Les écosystèmes, tout comme les populations des différentes espèces qui y vivent en interaction, sont des entités très dynamiques. La biomasse ainsi que les effectifs des multiples populations animales et végétales peuvent fluctuer fortement au cours du temps, à cause des interactions entre les espèces et de perturbations de l’environnement physique.
Un écosystème se caractérise donc par un équilibre dynamique susceptible d’être bousculé par des facteurs internes et externes.
Alors que le programme de SVT de première mentionne qu’un écosystème est dans « un équilibre dynamique », ce concept peut être interprété de plusieurs manières. Par définition, un équilibre est un état où un système s’immobilise, souvent par l’action de forces opposées. L’équilibre peut être stable, comme dans le cas d’un rocher situé au fond d’une vallée, ou instable, si le même rocher est posé en haut d’une montagne. Un équilibre dynamique peut référer à une situation où l’équilibre est stable mais créé par des processus dynamiques, comme dans le cas d’une réaction chimique où des mécanismes de destruction et création d’une molécule amènent progressivement à une concentration constante de cette molécule, même si la réaction continue. La quantité de biomasse carbonée dans un écosystème et les effectifs de populations particulières sont soumis à des mécanismes similaires, puisque les naissances et les morts peuvent s’équilibrer pour donner une valeur fixe de la variable d’état considérée (biomasse ou effectif). Mais un équilibre dynamique peut aussi correspondre à une variable fluctuante au cours du temps, par exemple d’une année à l’autre, selon un régime de fluctuation stable au fil des ans – la dynamique de l’écosystème, ou des populations qui le composent, apparaît alors instable sur le court terme mais potentiellement stable sur le long terme. Un exemple typique de cette situation peut s’observer dans le Grand Nord canadien.
La dynamique des lynx et des lièvres au Canada
Le lynx du Canada (Lynx canadensis) et le lièvre d’Amérique (Lepus americanus) sont deux espèces emblématiques des écosystèmes du Grand Nord canadien, et des cas d’études fondateurs de l’écologie scientifique [1]. Le lièvre peut représenter en outre une part importante de la biomasse des herbivores de la forêt boréale, ce qui fait de ses effectifs une variable clé pour comprendre le devenir de l’écosystème [2]. Or ses effectifs fluctuent d’une année à l’autre, de manière relativement régulière, avec une périodicité d’environ 10 ans, tout comme le lynx [1]. La raison principale est liée au fait que les dynamiques des populations de lynx et de lièvres sont couplées par le phénomène de prédation. En effet, l’augmentation des populations de lynx, qui mangent les lièvres, génère des déclins des populations de lièvres lorsque les premiers arrivent à des densités très élevées (Fig. 1). La chute de la population de lièvres produit alors, avec un certain délai, une chute de la quantité de lynx.

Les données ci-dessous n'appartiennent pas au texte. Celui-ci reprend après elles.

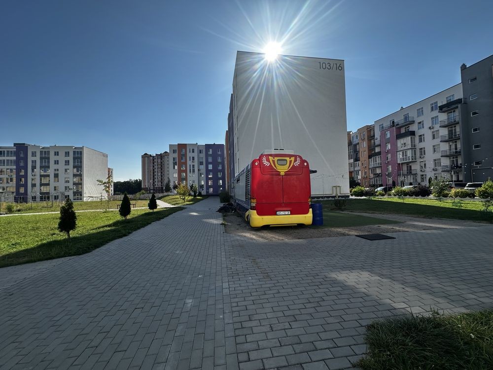Маршрутка біля входу в ЖК (25 хв до метро Житомирська).
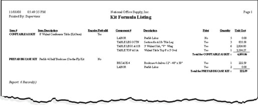 The Kit Formula Listing report provides information about the component items which are needed to build a kit inventory item as well as the quantity and description of each component item. This report may include a kit inventory item that requires prebuilding or not.
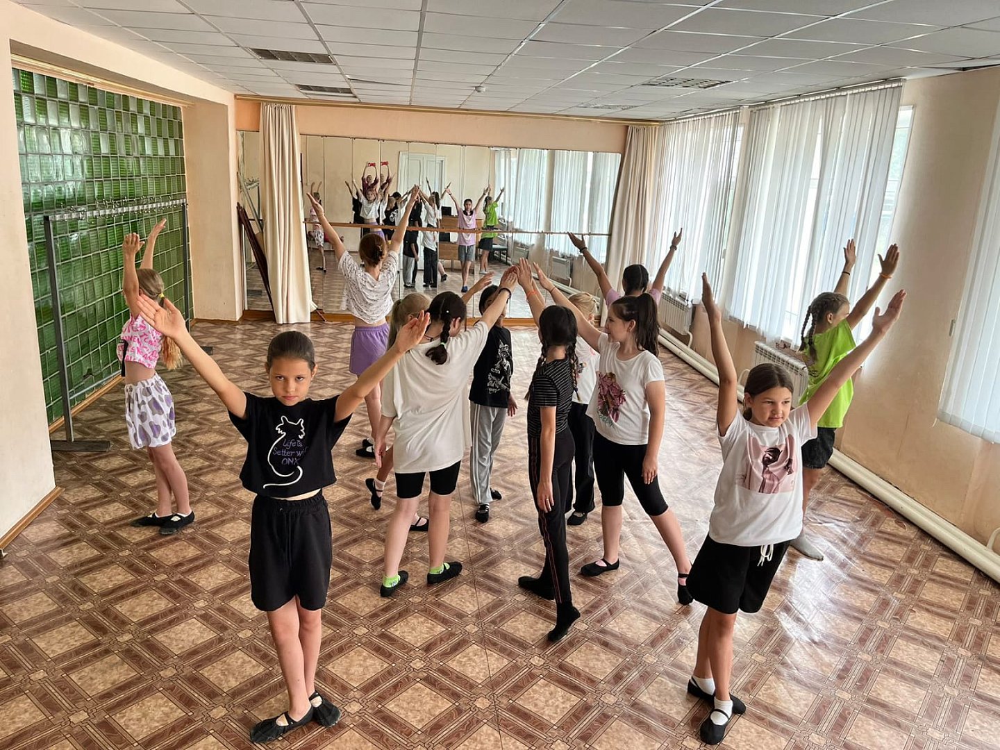 Юные талантливые артисты своими яркими номерами способны украсить любое мероприятие. Даже в период летних каникул коллектив с преподавателем Анастасией Молотковой продолжает репетировать, чтобы вновь радовать зрителей своими выступлениями. А вот и фото с сегодняшней репетиции.

Ces dynamiques sont prédites par les modèles théoriques couplés dits « proie-prédateur », dont les équations de Lotka-Volterra sont la version la plus simple (voir [3] pour des versions avancées appliquées au lièvre et au lynx). Dans ces modèles mathématiques, l’état stable ne correspond pas à deux valeurs fixes, une pour le prédateur et une pour la proie, mais à des trajectoires cycliques où le nombre de prédateurs « suit » celui des proies. Cependant, si l’on regarde les variations de populations non pas à l’échelle de quelques années, mais à celle de plusieurs décennies ou siècles, la gamme de valeurs prises par l’effectif des populations apparaît comme relativement stable : la stabilité est donc question d’échelle de temps.
Néanmoins, il est rare que les dynamiques de deux espèces s’expliquent intégralement l’une par rapport à l’autre. De fait, certains aspects de la dynamique du lièvre d’Amérique, comme la phase de basse densité qui suit l’effondrement de la population, sont encore mal comprises et n’ont probablement qu’un rapport indirect à la prédation. Un exemple mieux compris de dynamique aux causes multiples vient également du Nord américain, avec l’Isle Royale, sur le lac Supérieur.

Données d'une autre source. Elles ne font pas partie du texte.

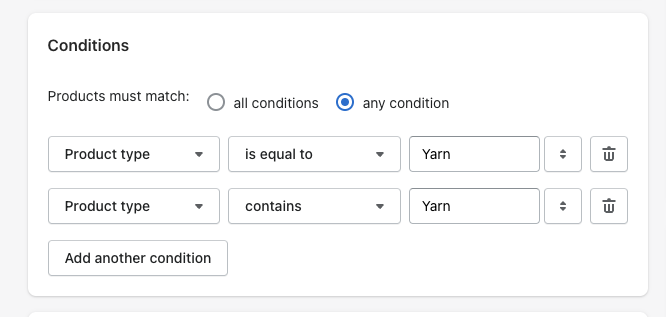 If a product needs to be added into the All Yarns collection, it is currently set up so if the product type equals YARN, it will populate into that collection.

La dynamique des loups et des élans sur l’Isle Royale
De prime abord, on pourrait penser que la dynamique des loups (Canis lupus) et des élans (Alces alces) sur l’Isle Royale (Fig. 2) suit le même genre de dynamique proie-prédateur que les lièvres et les lynx. Mais ce serait négliger une grande richesse dans les causes des variations des effectifs sur l’Isle Royale. Dans les années 1980, les loups atteignent la plus grande densité connue alors qu’ils sont arrivés en 1949 (les élans vers 1900), grâce à la glace d’hiver qui leur a permis de traverser depuis le bord du lac. L’observateur de 1980 pensait sans doute voir un cycle proie-prédateur de 1959 à 1980, avec diminution de la population d’élans due en partie à la prédation par le loup. Mais celle-ci n’est pas due qu’au loup, elle est également due à des hivers rigoureux qui font diminuer la survie des élans [4]. La série temporelle s’éloigne encore plus d’un cycle proie-prédateur en 1981, où le fort déclin de la population de loups est dû à un virus. De 1981 à 1996, la population d’élans croit de nouveau jusqu’à une taille de population très importante, suite à des années de faible prédation et un environnement favorable, mais un hiver très rigoureux en 1996, peu de nourriture disponible, ainsi qu’une abondance de tiques est responsable d’un déclin massif (60 %) de la population d’élans cette année-là [4,5]. Par ailleurs, dans la suite de l’étude les chercheurs ont montré que les tiques ont eu un impact sur le déclin continuel de la population d’élans [6], alors que la population de loups a fini par être affectée par la consanguinité (post-2006, après la mort d’un reproducteur provenant d’une autre population). La population de loups s’est réduite par l’action conjuguée d’accidents et de la consanguinité, alors que le lien avec le continent par la glace d’hiver n’est plus maintenu.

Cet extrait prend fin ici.